→ PROBLEM TO SOLVE
Output all of the lines below exactly, and leave out each image.

→ DATA BELOW
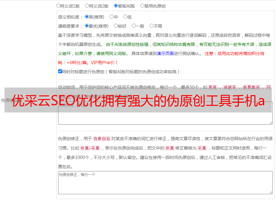 优采云SEO优化是一款特别的伪原创工具手机app,它可以帮助用户快速生成高质量的文章内容。它可以根据用户输入的关键词,快速生成原创文章内容,并将其排版整理好,使文章看起来更加精美、专业。同时,它还能够根据不同关键词生成不同文章内容,从而避免文章重复内容过多而影响文章质量。
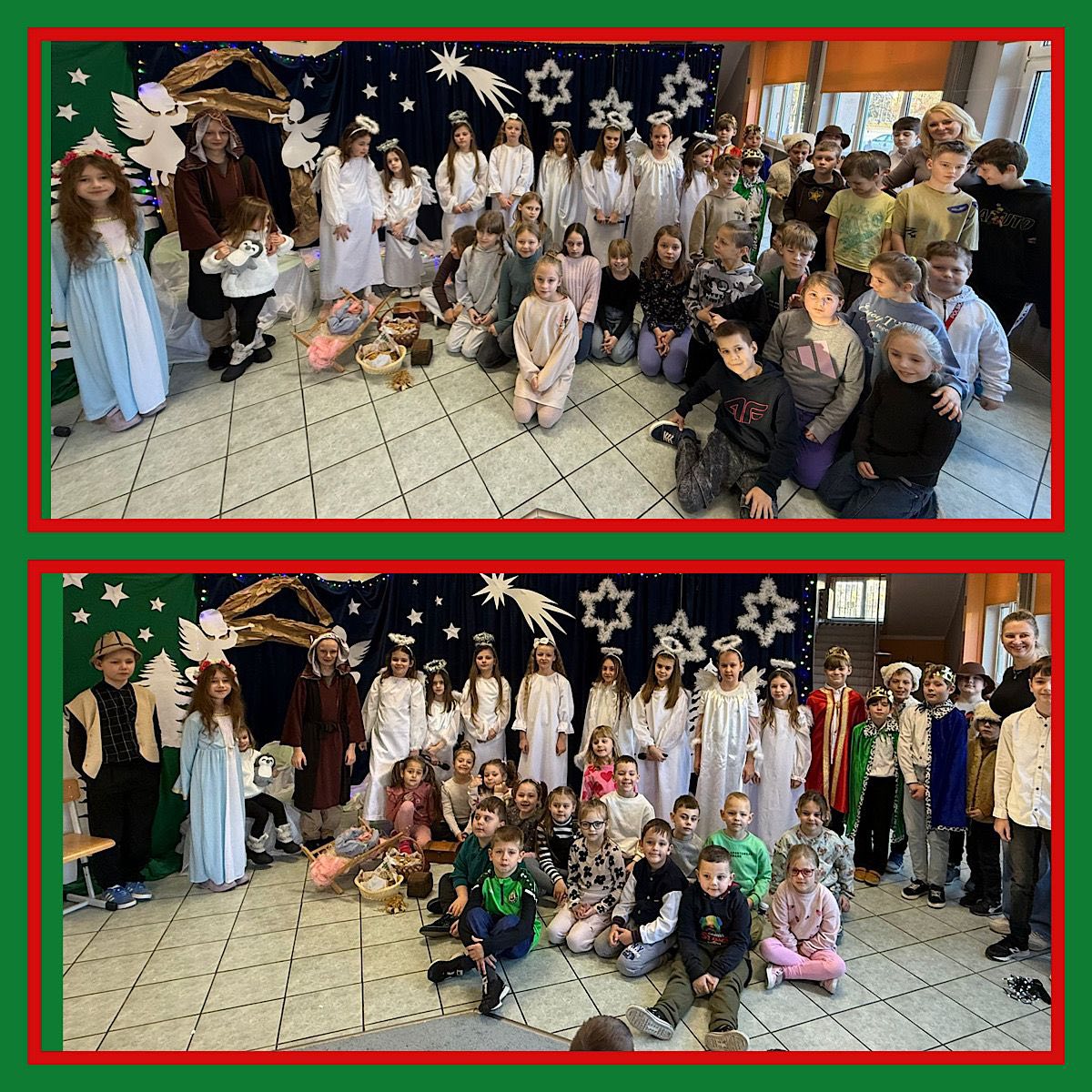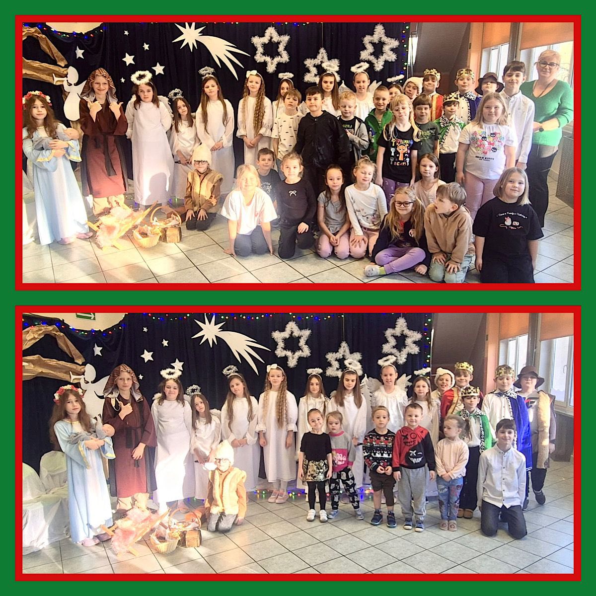 Za nami wyjątkowe, pełne wzruszeń jasełka w wykonaniu klasy 3 C. Były piękne i poruszające sceny, nastrojowe kolędy, pastorałki oraz świąteczne piosenki. Nie zabrakło także występów w języku angielskim. Wspólnie wsłuchiwaliśmy się w kolędy „Gdy się Chrystus rodzi”, „Wśród nocnej ciszy”. Szczególnym, radosnym akcentem była piosenka „Rudolph the Red-Nosed Reindeer”. To był naprawdę magiczny, świąteczny moment, który na długo pozostanie w naszych sercach. Z całego serca dziękujemy za wspólne kolędowanie Dyrekcji, Nauczycielom, pracownikom szkoły, a przede wszystkim wspaniałym dzieciom, które zaprezentowały się z ogromnym zaangażowaniem i radością.
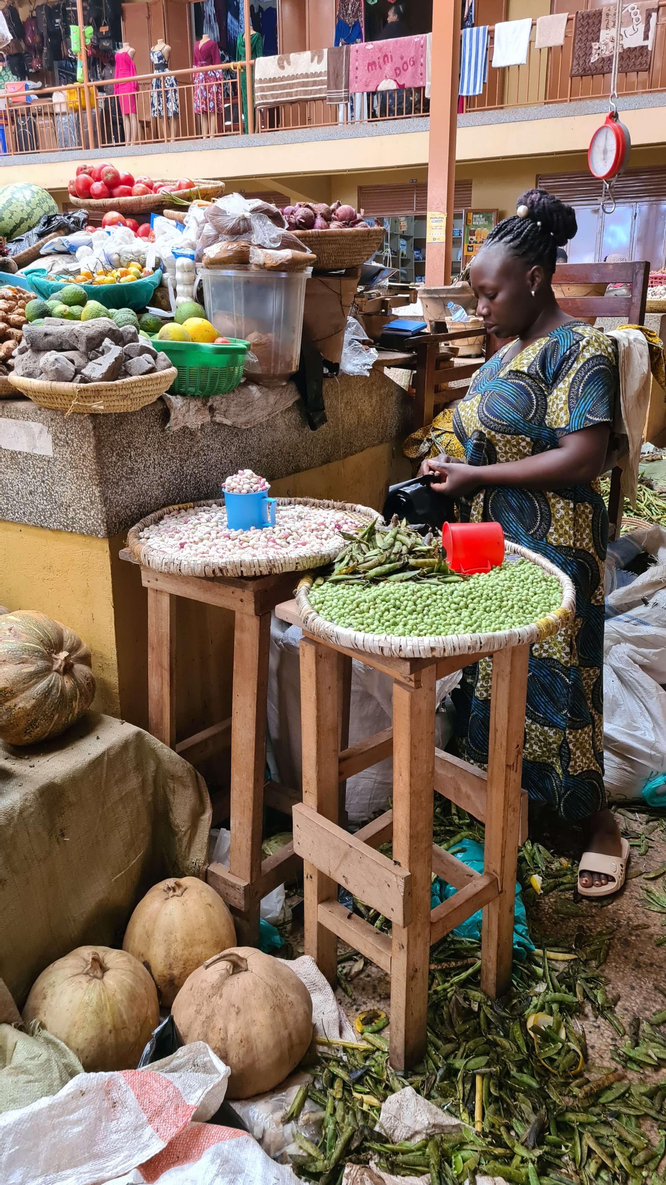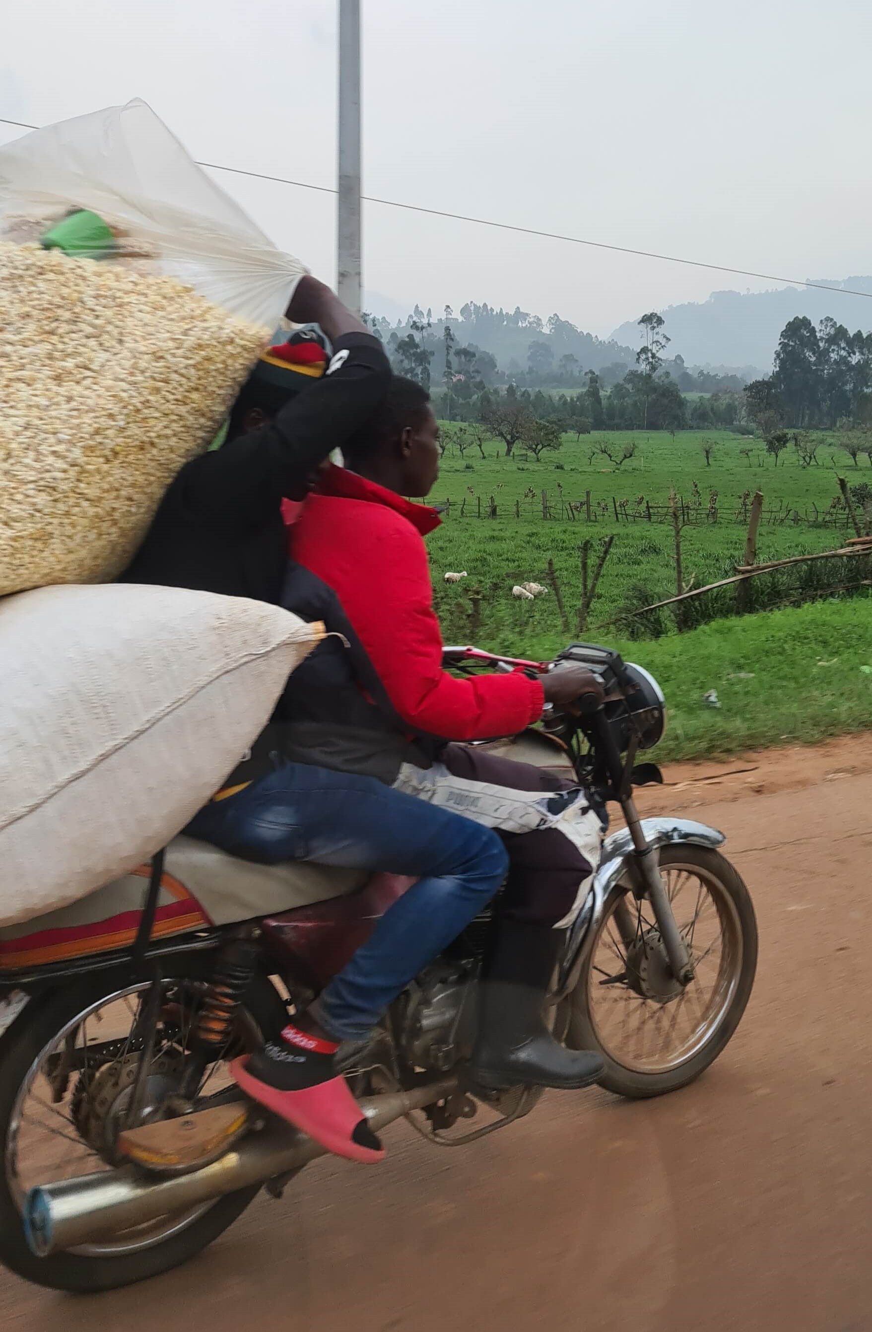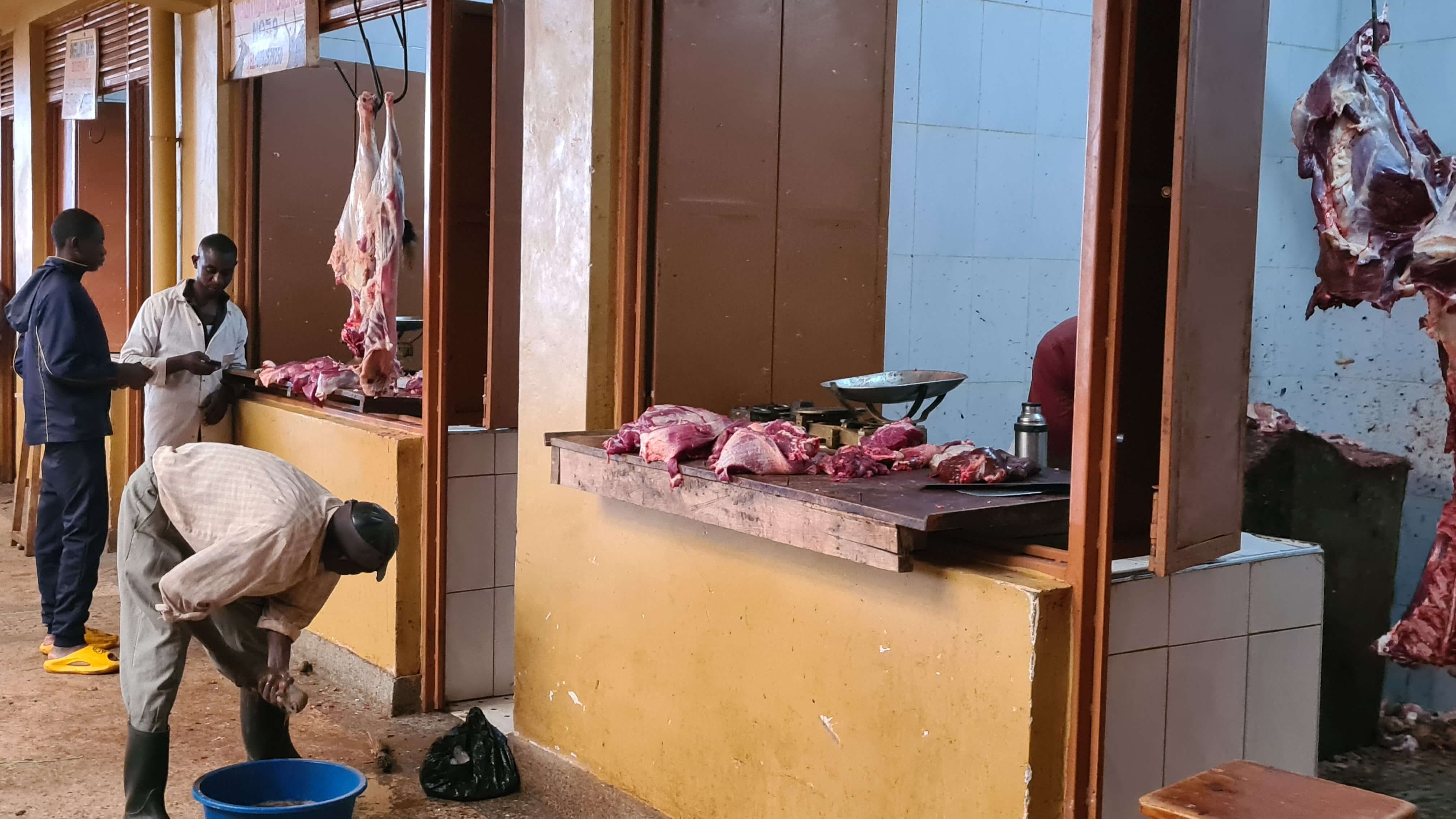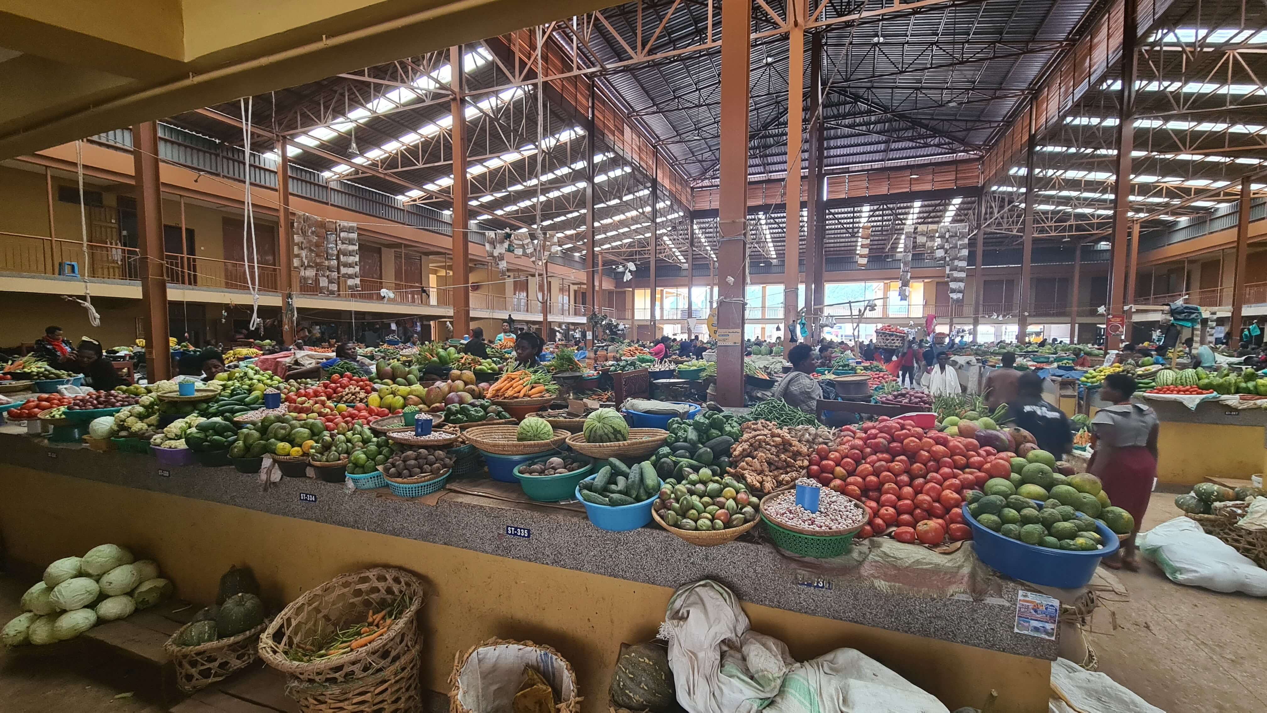 Um 10.30 Uhr sind wir wieder startklar für die Weiterfahrt zum Lake Mburo National Park. Erst geht es über Buckelpisten erneut vorbei an den Steinbrüchen zurück zur Main Road, dann weiter nach Kabale, einer wuseligen, recht adretten Stadt, in der uns die große Markthalle zu einem Stopp einlädt. Ob wir drei Parktickets für je 1.000 UGX löhnen müssen, weil wir Touristen sind oder ob wir damit ein Abo abgeschlossen haben, können wir nicht abschließend klären.

→ ANSWER FOR THIS EXERCISE
 优采云SEO优化是一款特别的伪原创工具手机app,它可以帮助用户快速生成高质量的文章内容。它可以根据用户输入的关键词,快速生成原创文章内容,并将其排版整理好,使文章看起来更加精美、专业。同时,它还能够根据不同关键词生成不同文章内容,从而避免文章重复内容过多而影响文章质量。
 Za nami wyjątkowe, pełne wzruszeń jasełka w wykonaniu klasy 3 C. Były piękne i poruszające sceny, nastrojowe kolędy, pastorałki oraz świąteczne piosenki. Nie zabrakło także występów w języku angielskim. Wspólnie wsłuchiwaliśmy się w kolędy „Gdy się Chrystus rodzi”, „Wśród nocnej ciszy”. Szczególnym, radosnym akcentem była piosenka „Rudolph the Red-Nosed Reindeer”. To był naprawdę magiczny, świąteczny moment, który na długo pozostanie w naszych sercach. Z całego serca dziękujemy za wspólne kolędowanie Dyrekcji, Nauczycielom, pracownikom szkoły, a przede wszystkim wspaniałym dzieciom, które zaprezentowały się z ogromnym zaangażowaniem i radością.
 Um 10.30 Uhr sind wir wieder startklar für die Weiterfahrt zum Lake Mburo National Park. Erst geht es über Buckelpisten erneut vorbei an den Steinbrüchen zurück zur Main Road, dann weiter nach Kabale, einer wuseligen, recht adretten Stadt, in der uns die große Markthalle zu einem Stopp einlädt. Ob wir drei Parktickets für je 1.000 UGX löhnen müssen, weil wir Touristen sind oder ob wir damit ein Abo abgeschlossen haben, können wir nicht abschließend klären.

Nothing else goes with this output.